Somewhere special Have you ever had that feeling that you are in a special place – a place where you ‘feel at home’, a place of comfort, safety and of…

A Sense of Place

Somewhere special

Have you ever had that feeling that you are in a special place – a place where you ‘feel at home’, a place of comfort, safety and of well-being?  Just the other day I was standing in a small orchard of old and gnarled apple trees and there I realised I could feel that sense of place.

Being in that orchard, among those fruit trees, took me back through my life until I found where this feeling of “being at home” seemed to stem from. Retracing my life  in my imagination made me realise, as a lifelong horticulturist, what an important role orchards have played throughout my life.  But I came eventually to a memory of the young John Partis, experiencing the cherry orchard on the farm in Kent where I was privileged to grow up. 

To me, then only a few years old, the orchard seemed vast and eternal. I grew to love that orchard in every season. I enjoyed it as it moved from the quietness of winter with its frosty grass and rime-covered branches into the exuberance of spring blossom. From the carpet of fallen petals to the vibrant green leafiness casting cool shade from the ever stronger summer sun; then the rattles and bangs as humans tried ( and usually failed) to stop the birds eating the ripening fruit. 

Harvest Time

Oh harvest time! – long shapely ladders with slightly less shapely ladies chatting cheerfully from the very top of the cherry trees as they filled their wicker baskets with luscious red cherries.
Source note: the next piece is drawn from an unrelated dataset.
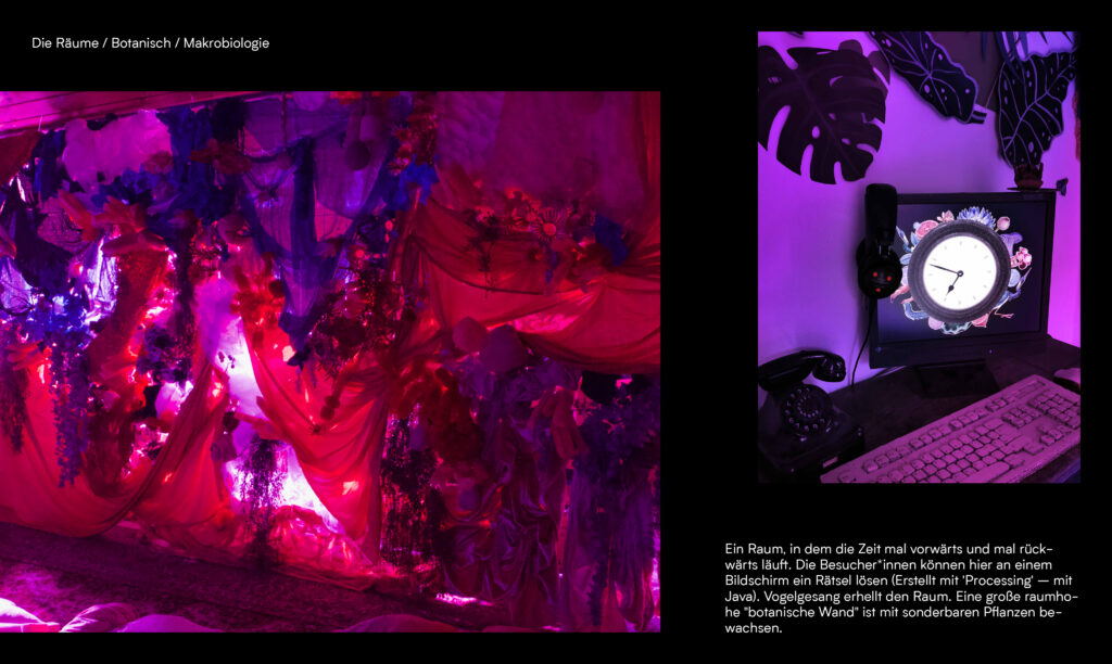 Das Nimmermeer ist ein immersives interaktives Kunstfestival, das die Besucher*innen in fiktive Geschichten eintauchen lässt. In dieser Ausgabe konnten sich die Teilnehmende auf eine Rätseltour begeben, die nach und nach die Tagebucheinträge der Zeitwissenschaftlerin Helea Balsofil offenbahrte. Das Gelände war gestalterisch in verschiedene Bereiche aufgeteilt, in denen sich die Zeit unterschiedlich verhielt: schnell und langsam, vorwärts und rückwärts und Zeit als Illusion – dies wurde vor allem durch interaktive Installationen vermittelt.

And then the season of falling leaves in a cascade of red and orange and yellow. Then once again it was winter when flocks of Redwings made their way from branch to branch, tree to tree through the orchard. 
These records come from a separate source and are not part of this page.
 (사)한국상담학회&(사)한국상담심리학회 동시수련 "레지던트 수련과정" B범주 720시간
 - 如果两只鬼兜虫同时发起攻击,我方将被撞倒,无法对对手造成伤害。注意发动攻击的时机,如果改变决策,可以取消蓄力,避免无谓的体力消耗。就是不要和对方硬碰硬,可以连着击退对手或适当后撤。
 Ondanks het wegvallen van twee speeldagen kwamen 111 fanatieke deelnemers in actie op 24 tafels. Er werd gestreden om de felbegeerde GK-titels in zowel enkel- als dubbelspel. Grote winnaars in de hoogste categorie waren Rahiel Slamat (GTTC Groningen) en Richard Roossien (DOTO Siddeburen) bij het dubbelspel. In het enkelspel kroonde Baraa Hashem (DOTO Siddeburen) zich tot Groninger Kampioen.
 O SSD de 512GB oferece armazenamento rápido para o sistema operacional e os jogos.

I had no way of knowing then that those relaxed and safe early years would be succeeded by opportunities to talk about, to analyse and design new orchards and to plant and manage orchards of cherries – and apples and pears and plums and cobnuts and walnuts……But that was how my working life played out!

Even today, now well retired, orchards bring to the fore a sense of place that still bring me feelings of comfort, safety and well-being.

The Garden of Eden

But I wonder whether this sense of place might go even further back in time? I’m not the only one to suggest that the first orchard ever created was for the use of Adam and Eve. It was called the Garden of Eden.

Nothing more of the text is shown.